Figure 5A and B shows I–F relationships of all studied motoneurons. In the control condition, the motoneurons exhibited a tonic frequency gain that ranged from 17.3 to 98.6 spikes s−1 nA−1 (47.7 ± 2.9 spikes s−1 nA−1), and in the glutamate condition it ranged from 26.6 to 132.3 spikes s−1 nA−1 (58.4 ± 3.5 spikes s−1 nA−1). In the control condition the recruitment threshold current ranged from 0.15 to 0.7 nA (0.35 ± 0.03 nA), and was compressed in glutamate-exposed motoneurons to values ranging from 0.1 to 0.4 nA (0.24 ± 0.01 nA). In addition, the minimal repetitive firing rate was 15.2 ± 0.37 spikes s−1 nA−1 in control condition and 13.6 ± 0.28 spikes s−1 nA−1 during glutamate application to the bath. The glutamate treatment decreased the recruitment threshold current in some motoneurons, but such a decrease was different from one motoneuron to another. Indeed, both parameters (recruitment threshold current change and recruitment threshold current) were linearly related, with the most pronounced changes in the last recruited motoneurons (Fig. 5C). The glutamate effect in tonic frequency gain was also different from one motoneuron to another. Changes in tonic frequency gain ranged from 0.8 to 2.4. Furthermore, the changes in tonic frequency gain increased linearly with the recruitment threshold current (Fig. 5D). This positive co-variation indicates that the last recruited motoneurons were those more sensitive to glutamate exposure, i.e. when the tonic frequency gain showed a more pronounced increase (up to 2.4-fold). Thus, motoneurons with recruitment threshold current higher than 0.5 nA exhibited a tonic frecuency gain of 35.2 ± 3.8 spikes s−1 nA−1 in control condition, while it was 57.9 ± 6.2 spikes s−1 nA−1 when exposed to glutamate. In addition, some motoneurons with a low recruitment threshold current (4/33) exhibited a slight decrease in gain (between 0.8 – 1).
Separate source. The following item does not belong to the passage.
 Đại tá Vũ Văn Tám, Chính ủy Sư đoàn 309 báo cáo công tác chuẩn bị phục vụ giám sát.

Figure 5. Effect of the glutamate on tonic firing gain and recruitment threshold current.

Figure 5

A and B, I–F plots for all motoneurons in control (A) and glutamate (B) conditions. Note that the range of recruitment threshold current was broader in the control condition. C and D, plots illustrating the change in recruitment threshold current and tonic frequency gain as a function of the recruitment threshold current.
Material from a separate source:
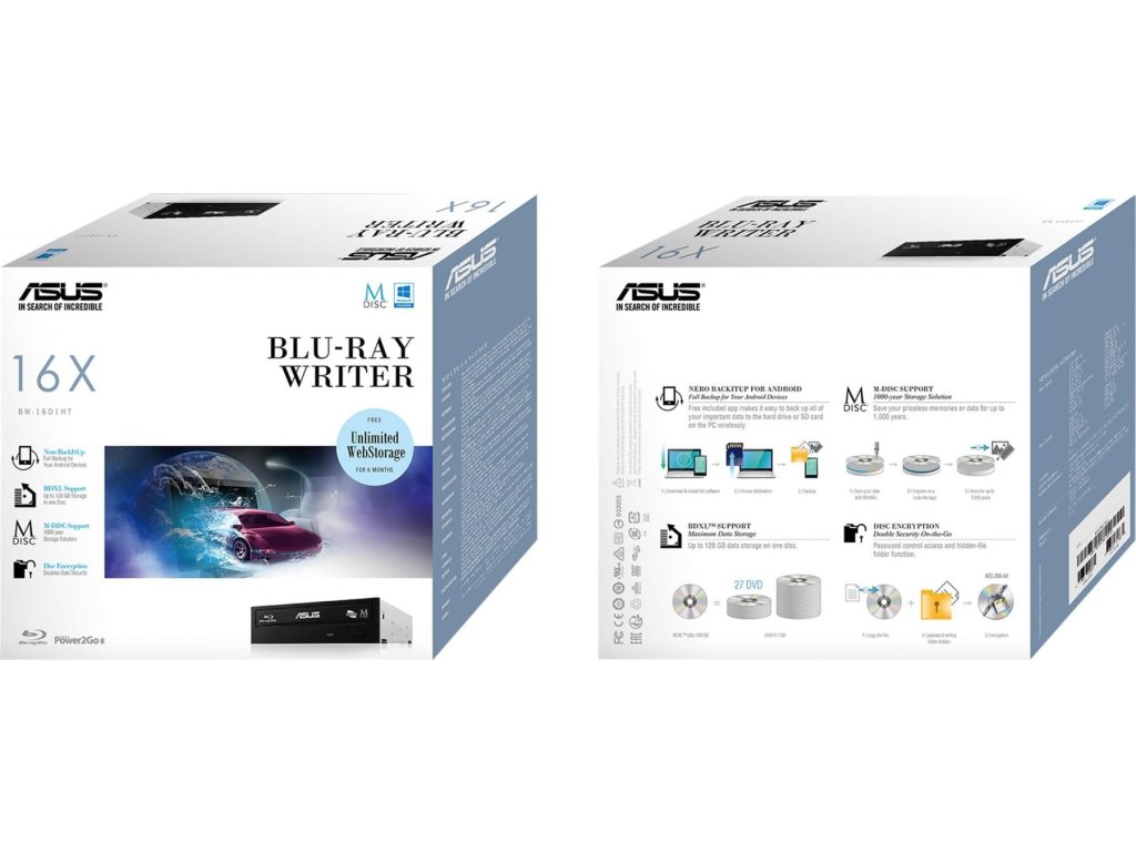 ASUS BLU-RAY Writer BW-16D1HT/BLK/B, black, SATA, bulk (bez SW)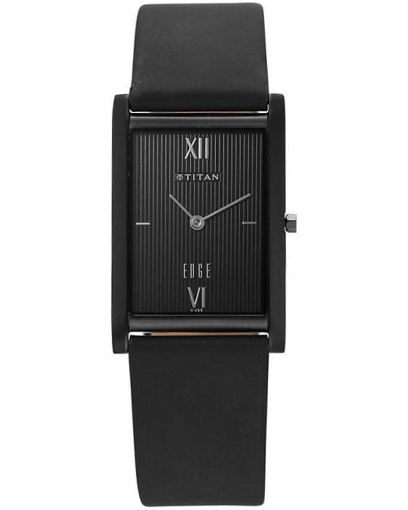 Titan Edge Quartz Analog Black Dial Leather Strap Watch for Men

We also analysed if the recruitment threshold current co-varied with input resistance (Fig. 6). A significant linear relationship was found between these two parameters in the control condition (Fig. 6A). According to this relationship, motoneurons with higher input resistance showed lower recruitment threshold current to evoke a repetitive discharge. However, no significant relationship between the recruitment threshold current and input resistance was found in the glutamate condition (Fig. 6B). This lack of relationship was due to the following: first, input resistance was essentially unaltered with glutamate exposure in all recorded motoneurons; second, motoneurons with low recruitment threshold current did not change their recruitment threshold current as compared to the control; and third, motoneurons with high recruitment threshold current showed a decrease in this value with glutamate application.

Figure 6.

Figure 6

Relationship between input resistance and recruitment threshold current in control (A) and glutamate (B) conditions

Phasic firing rate response to glutamate exposure

We also quantified the effect of glutamate on the phasic component of the firing rate. With this aim, the peak frequency was calculated in both control and glutamate conditions. Different responses were observed: some motoneurons maintained similar peak frequency in the glutamate condition, while peak frequency increased in other motoneurons. For the motoneuron shown in Fig. 7A, the peak frequency was 47 spikes s−1 in the control condition and 70 spikes s−1 in the glutamate condition. In the control condition the motoneurons exhibited a peak frequency that ranged from 17.3 to 98.6 spikes s−1 (47.7 ± 2.9 spikes s−1), whereas it ranged from 26.6 to 132.3 spikes s−1 (58.4 ± 3.5 spikes s−1) in the glutamate condition. The change in peak frequency was different from one motoneuron to another, and it was distributed in a continuum that ranged from 0.6 to 3.3. When change in peak frequency was plotted against recruitment threshold current, a significant linear relationship was found (Fig. 7B). This positive co-variation indicates that the last recruited motoneurons were those whose peak frequency showed a more pronounced increase (up to 3.3-fold) with glutamate exposure. Thus, motoneurons with recruitment threshold current higher than 0.5 nA exhibited a peak frequency of 52.4 ± 3.7 spikes s−1 in control condition, whereas it was 102.6 ± 4.4 spikes s−1 when exposed to glutamate. In addition, some motoneurons with low recruitment threshold current exhibited a decrease in peak frequency (between 0.6–1).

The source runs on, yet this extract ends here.